Multivariate Time Series Forecasting of Level of pollution in Beijing

Project description

The goal of the project was forecasting the next hour's level of pollution (pm2.5) in Beijing by using information about the level of pollution in the previous days.

Dataset

The dataset is stored as a csv file pollution.csv downloaded from Datasets repository provided by jbrownlee. Dataset consists of hourly data from 02. January 2010. up to 31. December 2014. It contains 41757 hours of measurements.
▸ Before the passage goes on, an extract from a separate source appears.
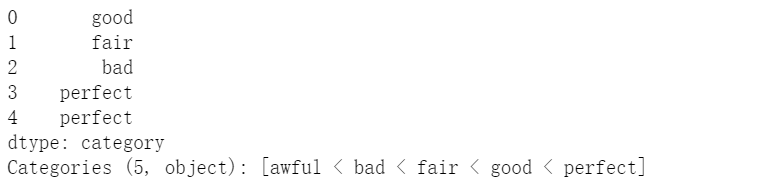s = pd.Series(np.random.choice(['perfect','good','fair','bad','awful'],50)).astype('category')s.cat.set_categories(['perfect','good','fair','bad','awful'][::-1],ordered=True).head()

Visualization of the dataset

Data preprocessing

The dataset consists of several features:

No: Row number
year: year of measurement
month: month of measurement
day: day of measurement
hour: hour of measurement
pm2.5: PM2.5 concentration, this is the level of pollution we are trying to estimate
DEWP: Dew Point
TEMP: Temperature
PRES: Pressure
cbwd: Combined wind direction
Iws: Cumulated wind speed
Is: Cumulated hours of snow
Ir: Cumulated hours of rain

Features related to date: year, month, day & hour were joined in the YYYY-MM-DD-HH:HH:HH format into a single feature: 'Date'. Combined wind direction feature ('cbwd') is a categorical variable so values of that feature were transformed into integers using sklearn's label encoder. The row number ('No') feature was dropped.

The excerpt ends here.